Write SQL for shop visibility and activity metric
Company: Meta
Role: Data Scientist
Category: Data Manipulation (SQL/Python)
Difficulty: Medium
Interview Round: Onsite
Assume 'today' is 2025-09-01. Schema and tiny samples: 1) shops(shop_id INT, created_at DATE)
Sample:
shop_id | created_at
1 | 2025-08-25
2 | 2025-07-15
3 | 2025-08-30
4 | 2025-06-01
5 | 2025-08-05
2) listings(listing_id INT, shop_id INT, created_at DATE, is_visible TINYINT) -- is_visible is a 2025-09-01 snapshot
Sample:
listing_id | shop_id | created_at | is_visible
101 | 1 | 2025-08-26 | 1
102 | 1 | 2025-08-27 | 0
103 | 1 | 2025-08-29 | 1
104 | 2 | 2025-07-20 | 1
105 | 2 | 2025-07-25 | 1
106 | 3 | 2025-08-31 | 0
107 | 3 | 2025-08-31 | 0
108 | 4 | 2025-06-05 | 1
109 | 5 | 2025-08-10 | 1
3) shop_events(shop_id INT, event_date DATE, event_type VARCHAR, cnt INT) -- event_type in ('product_created','listing_updated','message_replied','order_placed')
Sample:
shop_id | event_date | event_type | cnt
1 | 2025-08-26 | product_created | 3
1 | 2025-08-29 | message_replied | 5
2 | 2025-08-27 | order_placed | 2
3 | 2025-08-31 | listing_updated | 4
3 | 2025-08-30 | order_placed | 1
4 | 2025-08-28 | product_created | 1
5 | 2025-08-21 | product_created | 2
5 | 2025-08-25 | message_replied | 1
Tasks: A) Write SQL to compute per-shop visibility_rate on 2025-09-01 = AVG(is_visible) over that shop’s listings; return only shops with at least 5 listings and rank by visibility_rate DESC, breaking ties by total listings DESC. B) Define a 'new shop' as created_at >= 2025-08-02 (last 30 days). Define activity_score over the window [2025-08-19, 2025-09-01] as 3*order_placed + 1*product_created + 0.5*listing_updated + 0.2*message_replied using counts from shop_events; shops with no events have score 0. Write SQL to output one row per shop with: shop_id, is_new, visibility_rate (from A; default NULL if <1 listing), activity_score. C) Using that output, write SQL to produce a 3-row summary: metric_name, new_shops_value, existing_shops_value, pct_diff for (i) mean activity_score, (ii) median activity_score (use an analytic function), and (iii) share_of_active_shops (fraction with activity_score > 0). D) Finally, list the top 5 new shops by activity_score whose visibility_rate < 0.5 to identify active-but-underexposed shops. Explain any assumptions you make about NULL vs 0 and how you’d prevent survivorship bias.

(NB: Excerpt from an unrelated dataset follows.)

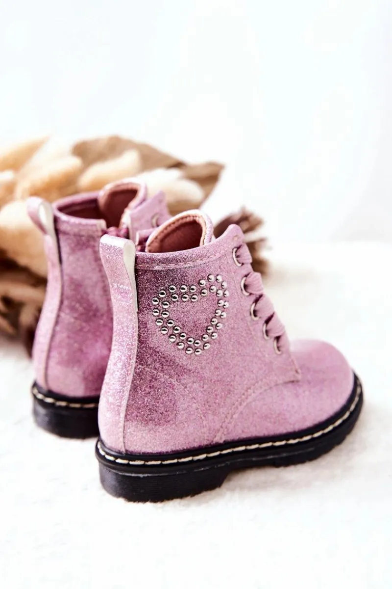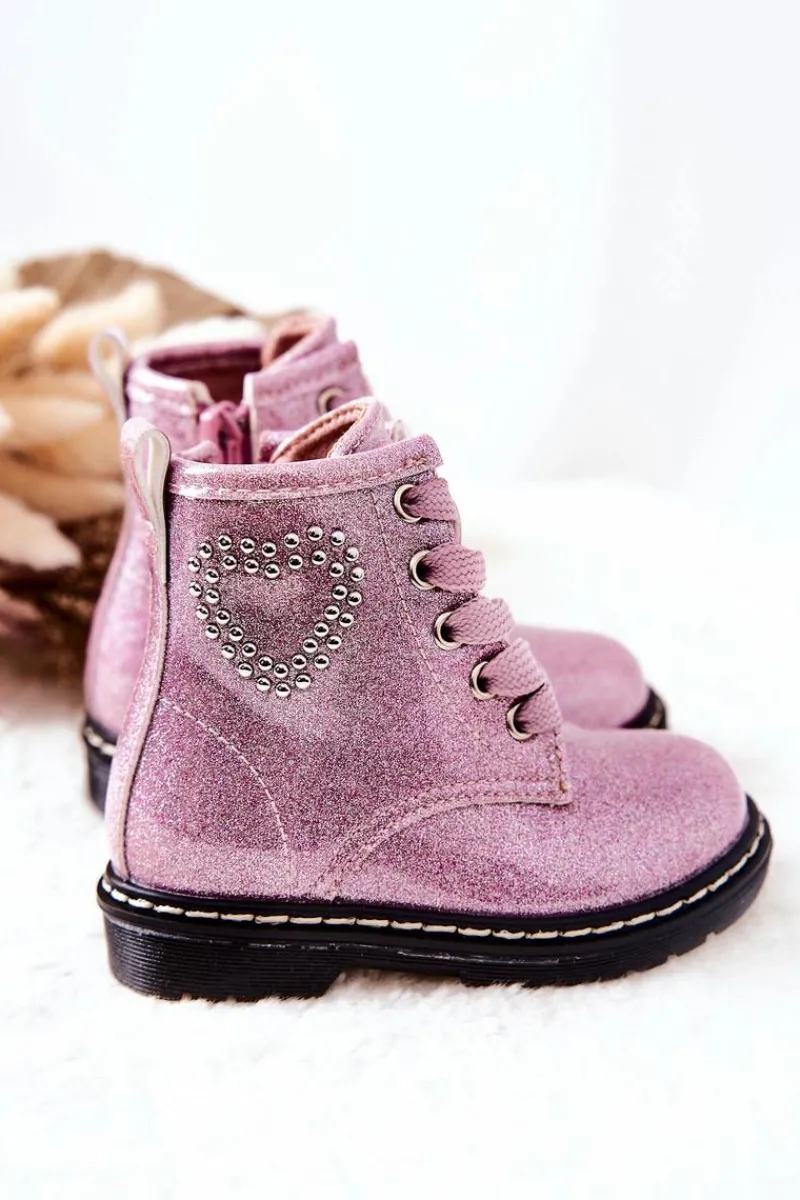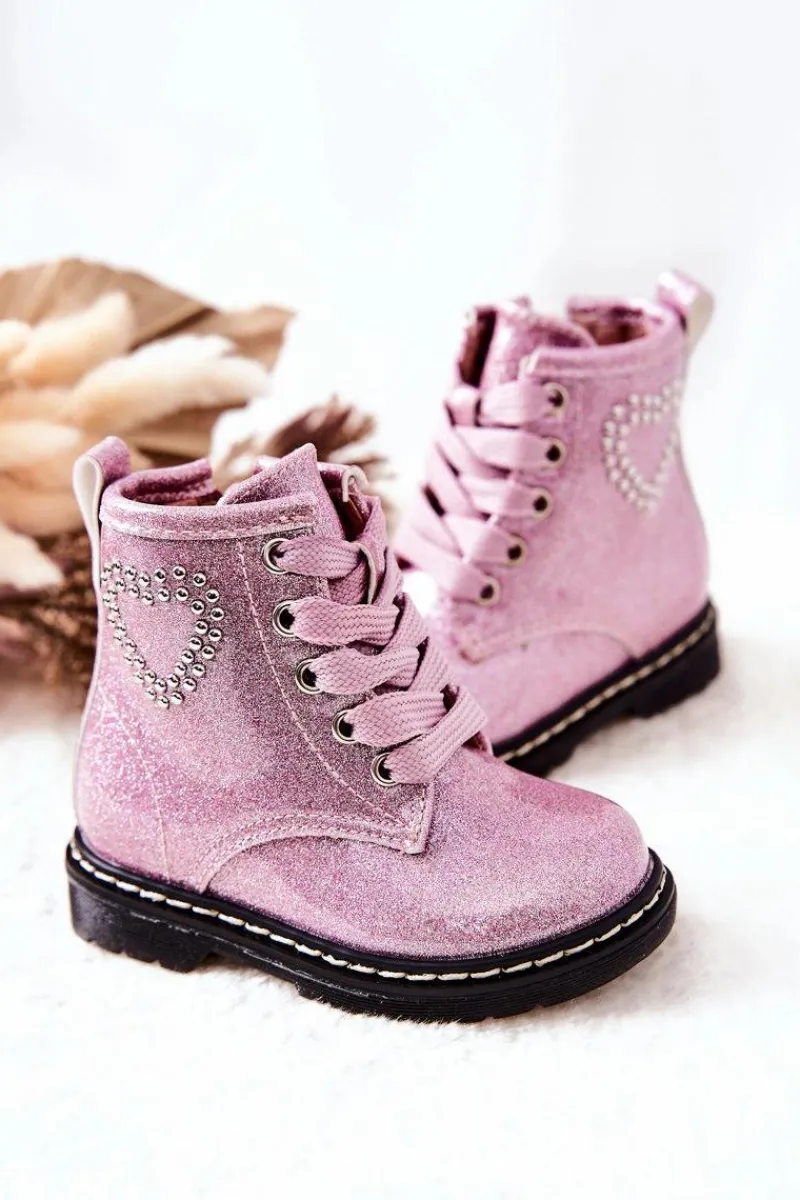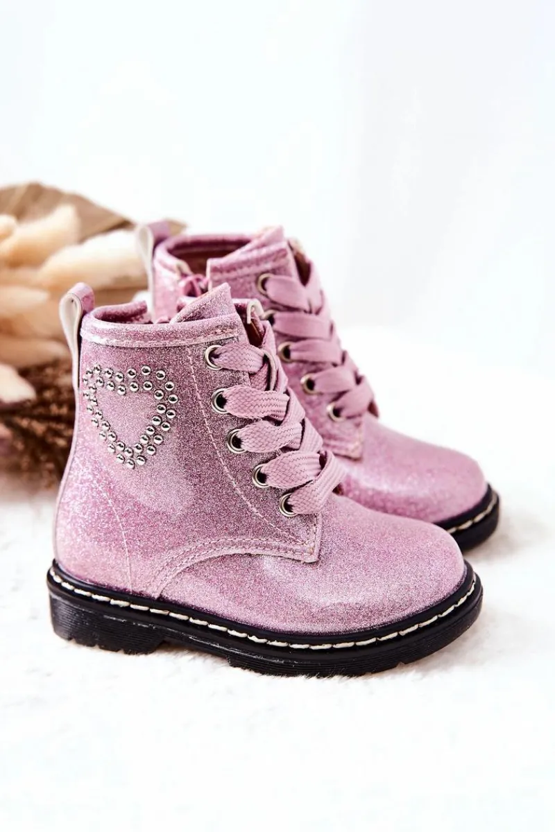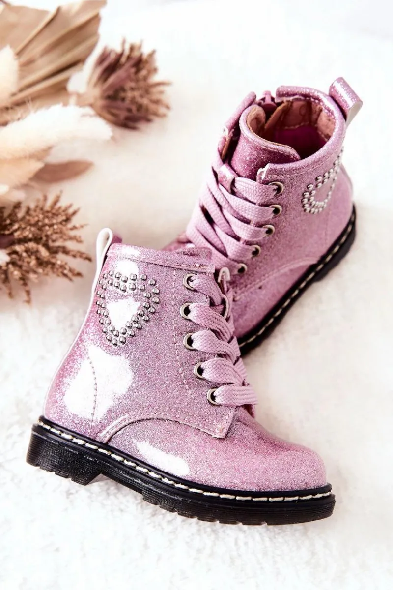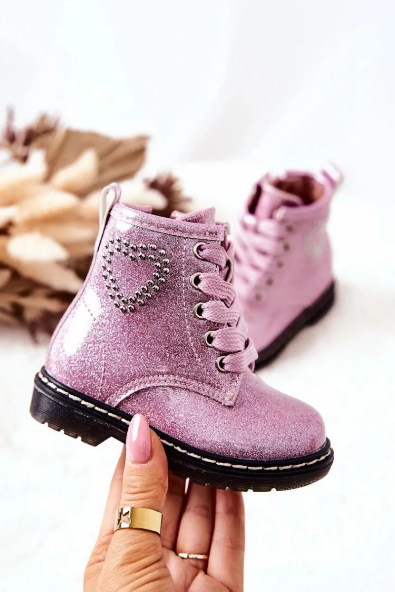 Cudowne botki z błyszczącym efektem i serduszkiem z ćwieków zachwyci niejedną miłośniczkę mody! Dopasowanie do stopy zapewni wygodne i klasyczne sznurowanie, a zakładanie ułatwi wszyty na boku suwak. Wykonane z lakierowanej eko skóry. Koniecznie sprawdź całą naszą ofertę dziecięcych botków. Przy wyborze rozmiaru prosimy kierować tabelą rozmiarów.

Quick Answer: This question evaluates SQL-based data manipulation and analytical skills, including aggregations, window functions, cohort comparisons, ranking, median calculation with analytic functions, and careful handling of NULLs versus zeros when constructing time-windowed metrics like visibility_rate and activity_score.